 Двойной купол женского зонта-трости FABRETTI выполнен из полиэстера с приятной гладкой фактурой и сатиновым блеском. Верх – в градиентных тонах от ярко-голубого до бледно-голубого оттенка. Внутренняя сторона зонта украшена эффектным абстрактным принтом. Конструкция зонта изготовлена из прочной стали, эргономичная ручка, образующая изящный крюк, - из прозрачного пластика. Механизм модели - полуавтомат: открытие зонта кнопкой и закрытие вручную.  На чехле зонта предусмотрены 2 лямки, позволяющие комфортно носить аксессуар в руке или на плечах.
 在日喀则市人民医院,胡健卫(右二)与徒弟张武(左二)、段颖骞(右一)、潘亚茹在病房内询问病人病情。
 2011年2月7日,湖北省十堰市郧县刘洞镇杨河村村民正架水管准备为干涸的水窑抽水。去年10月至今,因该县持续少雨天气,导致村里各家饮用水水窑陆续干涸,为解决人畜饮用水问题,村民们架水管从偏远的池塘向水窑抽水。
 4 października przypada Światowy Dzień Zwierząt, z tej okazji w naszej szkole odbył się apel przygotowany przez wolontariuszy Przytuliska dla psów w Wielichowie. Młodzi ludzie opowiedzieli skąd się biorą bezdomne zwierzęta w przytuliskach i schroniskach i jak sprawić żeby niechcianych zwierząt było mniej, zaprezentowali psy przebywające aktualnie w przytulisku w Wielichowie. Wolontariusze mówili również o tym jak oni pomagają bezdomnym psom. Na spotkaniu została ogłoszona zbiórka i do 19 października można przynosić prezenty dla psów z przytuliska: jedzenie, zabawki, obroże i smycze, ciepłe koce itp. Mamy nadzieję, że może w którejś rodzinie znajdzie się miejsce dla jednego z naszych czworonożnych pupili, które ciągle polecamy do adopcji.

## [WORK ITEM]
Quote only the stretch of lines that starts the data above and ends with the line containing "2011年2月7日,湖北省十", both included.

## [RESULT BELOW]
 Двойной купол женского зонта-трости FABRETTI выполнен из полиэстера с приятной гладкой фактурой и сатиновым блеском. Верх – в градиентных тонах от ярко-голубого до бледно-голубого оттенка. Внутренняя сторона зонта украшена эффектным абстрактным принтом. Конструкция зонта изготовлена из прочной стали, эргономичная ручка, образующая изящный крюк, - из прозрачного пластика. Механизм модели - полуавтомат: открытие зонта кнопкой и закрытие вручную.  На чехле зонта предусмотрены 2 лямки, позволяющие комфортно носить аксессуар в руке или на плечах.
 在日喀则市人民医院,胡健卫(右二)与徒弟张武(左二)、段颖骞(右一)、潘亚茹在病房内询问病人病情。
 2011年2月7日,湖北省十堰市郧县刘洞镇杨河村村民正架水管准备为干涸的水窑抽水。去年10月至今,因该县持续少雨天气,导致村里各家饮用水水窑陆续干涸,为解决人畜饮用水问题,村民们架水管从偏远的池塘向水窑抽水。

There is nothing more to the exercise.